Зубейда решила, что милиционер Сафар ее не приметил, но у милиционера Сафара глаза были зоркие, он узнал ее и увидел, что она с корзиной, поэтому он совсем не удивился, когда женщина поспешила перейти на другую тропинку. «Шайтан ее забери, горбатого могила исправит». Это суждение по поводу тунеядки Зубейды в последнее время утвердилось в голове милиционера Сафара, после того как он отчаялся, то есть исчерпал все доводы, призывая Зубейду к общественно полезному труду.

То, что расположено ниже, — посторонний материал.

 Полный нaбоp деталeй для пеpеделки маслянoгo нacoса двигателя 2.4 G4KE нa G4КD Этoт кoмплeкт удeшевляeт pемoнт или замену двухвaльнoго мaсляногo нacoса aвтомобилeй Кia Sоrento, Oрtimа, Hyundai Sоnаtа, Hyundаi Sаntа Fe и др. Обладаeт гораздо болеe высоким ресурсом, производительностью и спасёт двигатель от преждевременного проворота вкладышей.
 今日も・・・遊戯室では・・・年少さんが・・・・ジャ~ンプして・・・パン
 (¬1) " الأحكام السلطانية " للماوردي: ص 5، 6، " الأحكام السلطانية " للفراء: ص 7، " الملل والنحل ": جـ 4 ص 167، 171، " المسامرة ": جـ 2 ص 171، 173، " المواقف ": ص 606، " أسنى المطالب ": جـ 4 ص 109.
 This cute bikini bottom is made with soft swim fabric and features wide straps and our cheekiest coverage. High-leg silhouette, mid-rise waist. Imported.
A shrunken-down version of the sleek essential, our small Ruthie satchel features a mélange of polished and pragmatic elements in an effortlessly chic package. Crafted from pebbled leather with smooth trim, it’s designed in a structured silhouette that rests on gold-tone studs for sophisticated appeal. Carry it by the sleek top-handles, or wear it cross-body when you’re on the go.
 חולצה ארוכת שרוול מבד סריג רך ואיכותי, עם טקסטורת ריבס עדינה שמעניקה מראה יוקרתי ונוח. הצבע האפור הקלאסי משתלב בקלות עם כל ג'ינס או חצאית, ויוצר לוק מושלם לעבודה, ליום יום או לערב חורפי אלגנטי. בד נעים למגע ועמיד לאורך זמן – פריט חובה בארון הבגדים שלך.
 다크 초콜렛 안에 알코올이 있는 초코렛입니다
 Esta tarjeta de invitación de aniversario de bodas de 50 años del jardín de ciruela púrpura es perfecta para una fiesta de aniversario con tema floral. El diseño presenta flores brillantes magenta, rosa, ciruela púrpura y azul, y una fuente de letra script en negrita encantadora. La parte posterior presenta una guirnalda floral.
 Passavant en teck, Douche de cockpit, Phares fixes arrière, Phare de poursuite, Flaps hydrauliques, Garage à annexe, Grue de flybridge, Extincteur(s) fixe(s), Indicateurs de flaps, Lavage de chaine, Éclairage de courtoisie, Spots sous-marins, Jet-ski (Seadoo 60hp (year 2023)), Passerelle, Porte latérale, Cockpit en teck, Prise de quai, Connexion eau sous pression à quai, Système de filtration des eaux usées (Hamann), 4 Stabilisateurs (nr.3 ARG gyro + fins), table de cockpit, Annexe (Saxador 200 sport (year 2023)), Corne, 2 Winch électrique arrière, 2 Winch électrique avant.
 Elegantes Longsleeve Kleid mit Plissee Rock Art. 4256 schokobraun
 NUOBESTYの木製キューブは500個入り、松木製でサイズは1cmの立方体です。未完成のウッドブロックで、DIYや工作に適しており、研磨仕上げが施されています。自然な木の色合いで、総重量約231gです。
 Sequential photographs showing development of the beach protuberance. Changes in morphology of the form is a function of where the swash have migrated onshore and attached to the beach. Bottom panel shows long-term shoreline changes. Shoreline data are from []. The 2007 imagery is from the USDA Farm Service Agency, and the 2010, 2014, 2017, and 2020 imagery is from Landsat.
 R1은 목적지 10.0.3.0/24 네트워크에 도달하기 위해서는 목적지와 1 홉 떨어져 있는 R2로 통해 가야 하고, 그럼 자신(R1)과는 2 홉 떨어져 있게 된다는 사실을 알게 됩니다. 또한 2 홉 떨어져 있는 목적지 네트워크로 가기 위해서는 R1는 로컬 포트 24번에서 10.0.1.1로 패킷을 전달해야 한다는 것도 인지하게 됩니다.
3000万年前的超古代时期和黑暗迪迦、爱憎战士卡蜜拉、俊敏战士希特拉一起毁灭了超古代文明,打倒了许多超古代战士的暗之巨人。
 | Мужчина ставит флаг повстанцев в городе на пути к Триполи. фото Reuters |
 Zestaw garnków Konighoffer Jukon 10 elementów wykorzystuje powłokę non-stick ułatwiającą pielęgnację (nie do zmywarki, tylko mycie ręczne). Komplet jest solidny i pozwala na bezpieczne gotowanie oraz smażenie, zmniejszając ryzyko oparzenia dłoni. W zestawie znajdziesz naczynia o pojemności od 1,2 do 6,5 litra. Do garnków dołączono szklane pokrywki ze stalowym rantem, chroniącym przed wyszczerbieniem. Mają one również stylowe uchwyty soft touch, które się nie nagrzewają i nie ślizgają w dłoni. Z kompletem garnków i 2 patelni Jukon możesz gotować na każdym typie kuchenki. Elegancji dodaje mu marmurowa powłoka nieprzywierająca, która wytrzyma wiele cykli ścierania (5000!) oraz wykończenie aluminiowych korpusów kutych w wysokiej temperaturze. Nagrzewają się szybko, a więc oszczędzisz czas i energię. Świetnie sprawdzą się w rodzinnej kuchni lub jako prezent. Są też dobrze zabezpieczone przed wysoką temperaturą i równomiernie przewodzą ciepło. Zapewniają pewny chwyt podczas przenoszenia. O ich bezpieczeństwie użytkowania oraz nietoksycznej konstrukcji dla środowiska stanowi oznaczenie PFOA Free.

Конечно, Зубейда не знала, что милиционер Сафар, помянув в эту минуту шайтана, счел ее горбатой, которую может исправить только могила (если бы она знала, то снова под каким-нибудь предлогом поцапалась бы с женой милиционера Сафара Зубейдой, – у этого мямли, сына мямли, жену тоже звали Зубейдой, – в общей бане затеяла бы такой скандал с воплями и рукоприкладством, что женщины только с большим трудом растащили бы их!), но ей хватило и происшествия в привокзальном саду, она уже и так была раздражена, и раздражение ее не уменьшалось после того, как она пришла к себе домой.
Вот такие дела.
Да и кто такой этот милиционер Сафар, чтобы из-за него делать такой крюк? Вот уж кто горемыка-то, сын горемыки, шесть взрослых дочерей, и все шесть дома, на шее у него сидят, – как только жилы не лопаются, а когда шапку снимает, на плешивого соловья похож – ни одного волоска на голове, ну, да ладно, хватит, есть у него жена-стерва, пусть она и думает о своем муже.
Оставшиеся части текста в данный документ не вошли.